Planed electro example - following the first 1 was a 2 on the orignal canceling plate.  It is gone in this example, as is 2/3s of the final zero. 


 Planed ectro example as in the second stamp above.

Example of a dramatic printing variety of the planed electro in the year date.  The final zero is, to use the words of Henry Tolman "all but obliterated".
I would be very interested in examining a large group of these Allcock cancels to gauge the varieties of planed zeroes.
ex-Tolman, now Langlois Porous Plaster cancels.  Two handstamp examples at bottom and a third at left with label attached.
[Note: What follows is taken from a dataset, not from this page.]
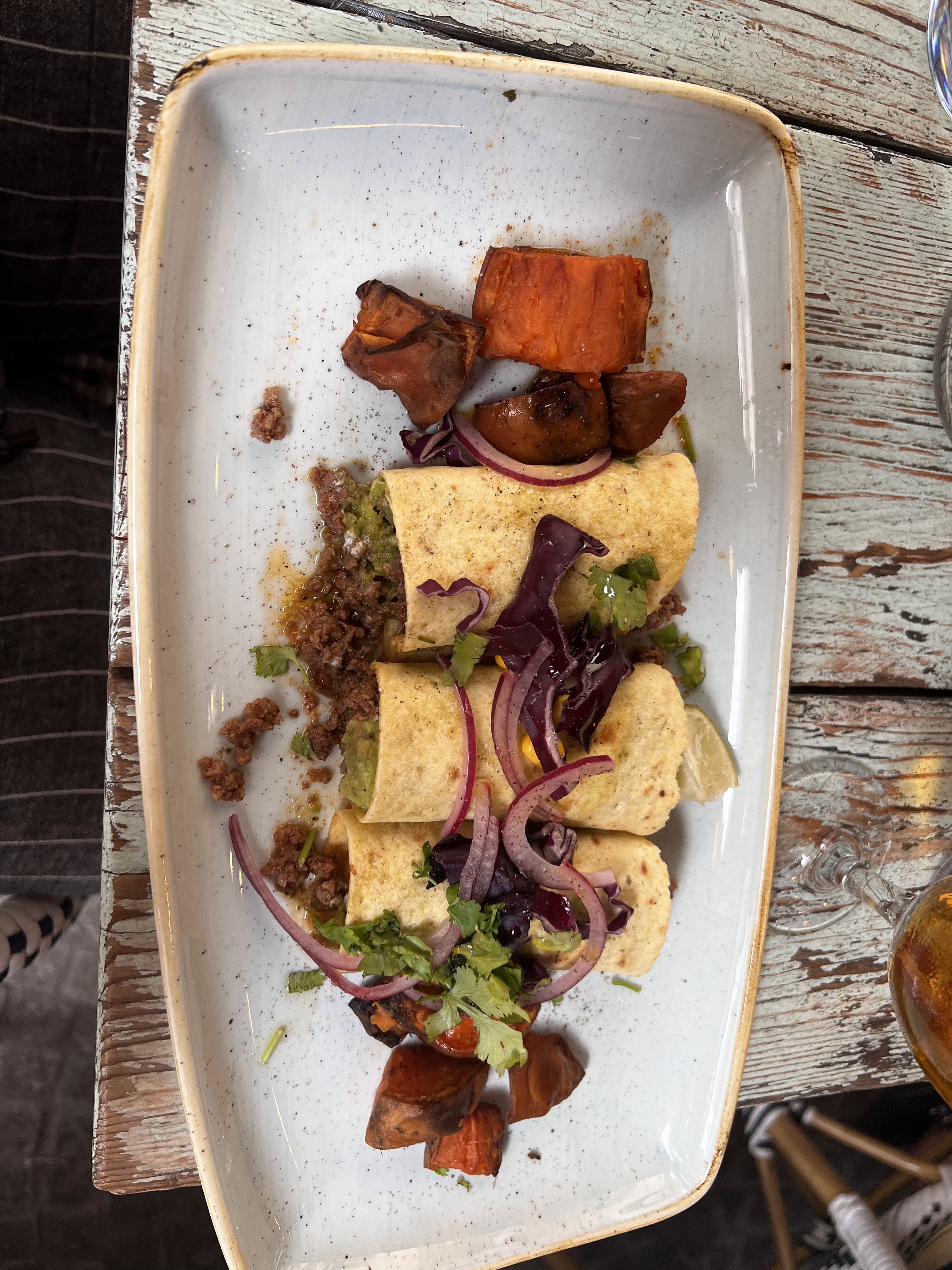 Ambiance agréable mais la nourriture que nous avons commandée était très fade. Nous avions commandé des tacos, pour moi les tacos au poulet, dans lesquels le poulet effiloché, mélangé à de la sauce tomate basique, était sec et sans goût… dommage pour le prix qu'on y paie. Je laisse un avis ici car pas une seule fois les serveurs ne nous ont demandé si nous avions apprécié notre repas (et oui nous parlions français)

Frank Sente's Porous Plaster cancels with J/C unlisted variety at the top left.

Sunday, July 11, 2010

Updating the Joyce/Chappell Lists: Hobron Drug Company

In the J/C list, Hobron is something of a mystery.  The city is reported as unknown, and nothing more is offered about the company except for the name in the cancel: "Hobron".  Google solved this mystery with a single search.



Hobron Drug Company was based in Honolulu, and was owned by T.W. Hobron, the son of a famous retired sea captain, Thomas H. Hobron.  T.H. Hobron made himself a wealthy Hawaiin businessman through a sugar plantation and a railroad and port used to haul and load the sugar for export. 

The J/C list for these cancels is short:

My collection holds one cancel unlisted by Joyce, the 1/8 cent example below:

1/8 cent 1901
unlisted by Joyce





The updated list for this cancels is available at the following link:

Updated Hobron Drug Company Printed Cancels List

A recent auction contained this lot connected with Hobron Drug Company:
Hobron Drug postal cover from the June 2010 Regency Superior sale. 
The online catalog included this note:  "Pahala, Hawaii cover to Hobron Drug Company in Honolulu franked by 2¢ brown and with purple target cancel, plus matching Pahala date cancel, Meyer-Harris 281.01. Cover with backside advertisement in blue for Alhambra, 'beverage made from pure rich fruit juices'."

Saturday, July 10, 2010

Cancel for July 11: Mutual Benefit Life Insurance Company

M.  B.  L.  I.  CO.
JUL  11 1899

The Newark, New Jersey-based Mutual Benefit Life Insurance Company was founded in 1845 and dissolved as a firm in 2001.  The company was known as the "Tiffany" of insurance companies because of its high percentage of upper class clientele.  The company was taken over by the State of New Jersey in 1991 after real estate losses prompted a run by policy holders.  The collapse of the firm was the largest ever by an American insurer at that time. 

The original MBLI headquarters at 300 Broadway in Newark is listed in the National Register of Historic Places.  It is currently a nursing home and is owned by the Archdiocese of Newark.